Иногда на звуки – отражения его мыслей и чувств – находили мелодии, намеренно, как сопротивление тишине Колодца Ожидания, осуществленные в себе Даниловым, – его альт исполнял темы из симфонии Переслегина или же классический секстет играл «Пассакалью» Генделя. А то будто маятник стучал – Данилов вел про себя счет времени. Исследователи, не разобравшись, записали два слоя звуков, возникавших в Данилове, совместили их, в этих местах и качество записи было неважное, что-то дрожало и потрескивало. Но Данилову никакие наслоения, никакие посторонние шумы не мешали слушать главную музыку.
Данилов был ею удивлен. И был доволен ею. Правда, некоторые сочетания звуков вызывали в нем протест, но Данилов вскоре склонился к тому, что протест неоснователен, а и такие сочетания возможны, просто они и для него свежи. Но он-то хорош! Сам же их создал и им удивляется! Сам же причудливым образом – но вполне сознательно и с удовольствием – смешивал звуки, ту же валторну сводил с ситарами, выхватывал дальние обертоны, и прочее, и прочее!.. «Нет, что-то есть, – думал Данилов, – есть! Эту музыку исполнить бы в другом месте!..» Музыка звучала и трагическая, даже паузы – а паузы были частые и долгие – передавали напряжение и ужас, но в ней была и энергия, и вера, и случались мгновения покоя, надежды. Данилов был свободен в выражениях и звуковых средствах, и даже инструменты, каким он не всегда доверял раньше, – тенор-саксофон, электропианино, губная гармоника, синтезатор – оказались в колодце уместными… Танцевальную мелодию начала скрипка, и тут механический щелчок, похожий на щелчок тумблера, остановил ее.
– Все, – сказал Валентин Сергеевич. И обратился к Данилову: – Что это?
– Как что? – удивился Данилов. – Что именно?
– То, что мы сейчас вынуждены были слушать.
– Кто же вас вынуждал?
– Ведите себя серьезнее. Что это?
– Это музыка…
– Что?
– Это музыка, – твердо и даже с некоторым высокомерием сказал Данилов.
– Какая же это музыка? – в свою очередь удивился Валентин Сергеевич.
– Это музыка… – тихо сказал Данилов.
– Хорошо, – произнес Валентин Сергеевич. – Предположим, это музыка.
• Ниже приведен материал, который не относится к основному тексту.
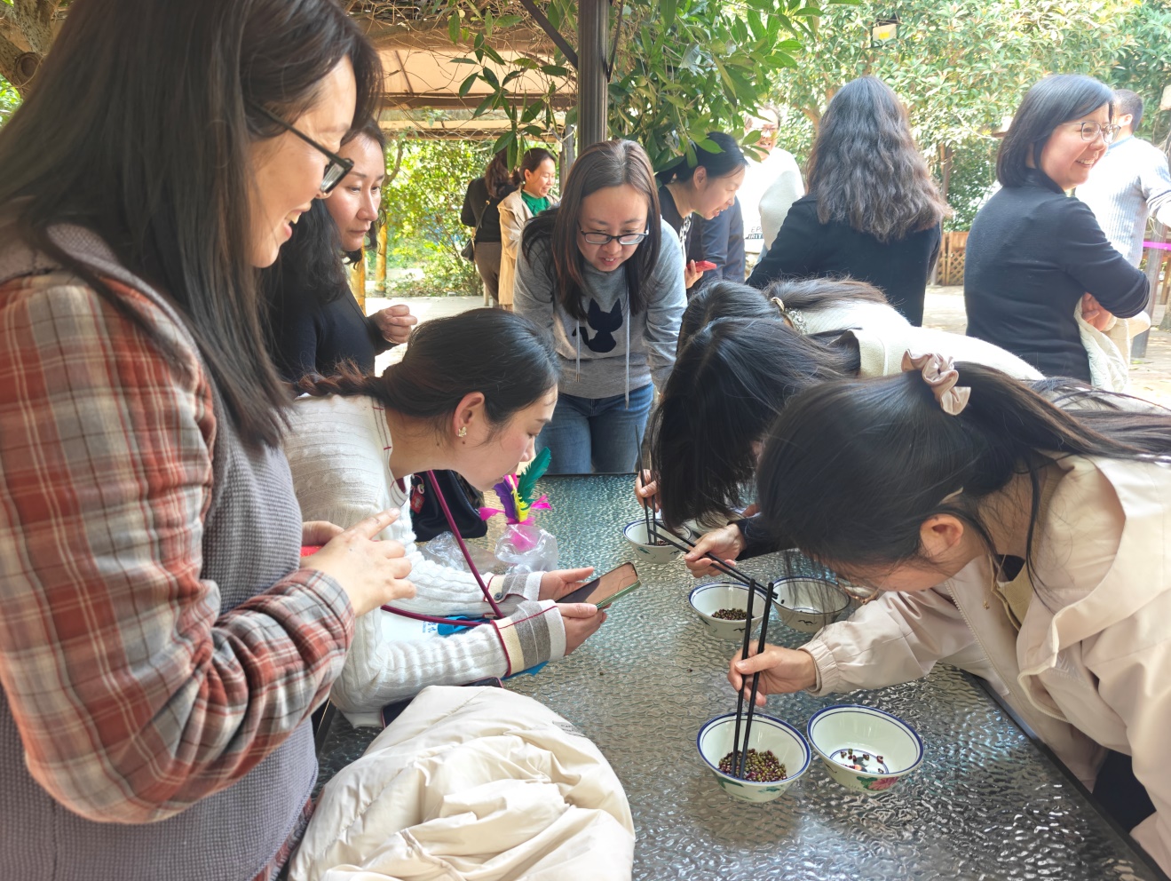 活动当天,教职工们结伴漫步,欣赏春日美景,卸下工作的疲惫,畅谈生活点滴。午饭后,学院精心设置了“跳绳、踢毽子、颠羽毛球、夹弹珠、分拣红豆和绿豆”等多项兼具趣味性与互动性的休闲项目,贴合教职工日常作息,兼顾运动性与趣味性。

В вашем понимании. Но отчего она звучит в вас? И так, словно в вас – сто инструментов?
– Это и есть уточнение?
– Отвечайте на вопрос, – строго сказал Валентин Сергеевич.
– Я же музыкант! – сказал Данилов. – Я – одержимый. Я и сам страдаю от этого. Но музыка все время живет во мне. Деться от нее я никуда не могу. Это мучительно. Что же касается множества инструментов и голосов, то что поделаешь, я – способный.
– Но это странная музыка, – сказал Валентин Сергеевич.
– Вся новая музыка странная, – сказал Данилов. – Потом она становится тривиальной. Эта музыка – новая. Она, простите, моя. В последние годы я увлекся сочинительством. Это как болезнь. Возможно, я музыкальный графоман, но сдержать себя я не могу. Где только и когда я не сочиняю! Порой с кем-нибудь разговариваю или делаю что-то, а сам сочиняю. Вот и теперь музыка рождается во мне. И я не волен это прекратить.
«Наверняка и сейчас пишут мои мысли», – думал Данилов.
– Вы помните, при каких обстоятельствах вы сочинили и исполнили только что прослушанную… музыку?
– Да, – сказал Данилов. – В Колодце Ожидания.
– Это звуковая реакция на увиденное и пережитое там?
– Не совсем, – сказал Данилов. – Нет, это скорее самостоятельная музыка. Конечно, я многое видел тогда и о многом думал. О чем – вам известно. Но я и сочинял одновременно. Такая у меня натура.
– Он и теперь сочиняет! Но только не музыку.
Вскричал, как Данилов понял по звуку, тот самый демон, что поддержал Валентина Сергеевича.
– Он сочиняет, но не музыку! И слышали мы не музыку! Я сам играл на чембало и на клавикордах. Таких звуков в музыке нет. И не должно быть.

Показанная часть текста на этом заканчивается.